Они с шумом уселись за стол; Михаил громко спросил:

– Ну как, мать, у тебя тут дела?

– А что дела? – ответил ему Илья: в бане они привыкли разговаривать друг с другом. – Мать у нас молодец. Обманула свою смерть, и никаких.

– Смерть не омманешь. – Старуха смотрела на них с терпеливой укоризной и сказала не сразу.

– Обманула, мать, обманула, не отказывайся. И правильно сделала. Без тебя некому умирать, что ли?
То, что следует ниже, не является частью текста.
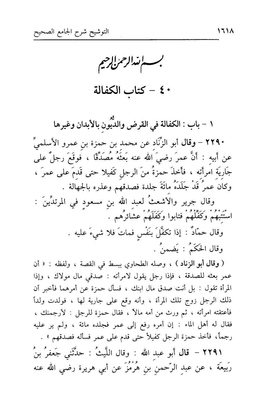 2290 - وَقَالَ أَبُو الزِّنَادِ: عَنْ مُحَمَّدِ بْنِ حَمْزَةَ بْنِ عَمْرٍو الأَسْلَمِيِّ، عَنْ أَبِيهِ، أَنَّ عُمَرَ رَضِيَ اللَّهُ عَنْهُ، بَعَثَهُ مُصَدِّقًا، فَوَقَعَ رَجُلٌ عَلَى جَارِيَةِ امْرَأَتِهِ، فَأَخَذَ حَمْزَةُ مِنَ الرَّجُلِ كَفِيلًا حَتَّى قَدِمَ عَلَى عُمَرَ، وَكَانَ عُمَرُ قَدْ جَلَدَهُ مِائَةَ جَلْدَةٍ، فَصَدَّقَهُمْ وَعَذَرَهُ بِالْجَهَالَةِ وَقَالَ جَرِيرٌ، وَالأَشْعَثُ، لِعَبْدِ اللَّهِ بْنِ مَسْعُودٍ: «فِي المُرْتَدِّينَ اسْتَتِبْهُمْ وَكَفِّلْهُمْ، فَتَابُوا، وَكَفَلَهُمْ عَشَائِرُهُمْ» وَقَالَ حَمَّادٌ: «إِذَا تَكَفَّلَ بِنَفْسٍ فَمَاتَ فَلاَ شَيْءَ عَلَيْهِ»، وَقَالَ الحَكَمُ: «يَضْمَنُ».

Найдутся – ага. Свет не без добрых людей.

– Вот именно, – хохотнул Михаил.

– А ты, бессовестный, лучше бы помалкивал, – вдруг остановила, как подкараулила, Михаила Варвара.

– Что такое?

– «Ты сидера бы, морчара, будто деро не твоё», – вспомнил Илья детскую скороговорку, ещё ничего не понимая и всё же стараясь обратить в шутку Варварины слова.

– Бесстыжий! – снова пальнула Варвара и повернулась за помощью к Люсе. Люсе пришлось взять разговор на себя:

– Я бы на твоём месте, Михаил, в самом деле лучше молчала. – Она говорила, отделяя одно слово от другого, и смотрела ему прямо в глаза. – То, что ты позволяешь себе с мамой, ни в какие ворота не лезет. Запомни: мы маму в обиду не дадим и не позволим тебе над ней издеваться.

– Да вы что – белены объелись?! Кто над ней издевается?

– Ты. Кто же ещё, кроме тебя? Оказывается, ты слишком много стал пить и пьяный терроризируешь маму.

– Что-что?! Что я с тобой, мать, делаю? Что такое?!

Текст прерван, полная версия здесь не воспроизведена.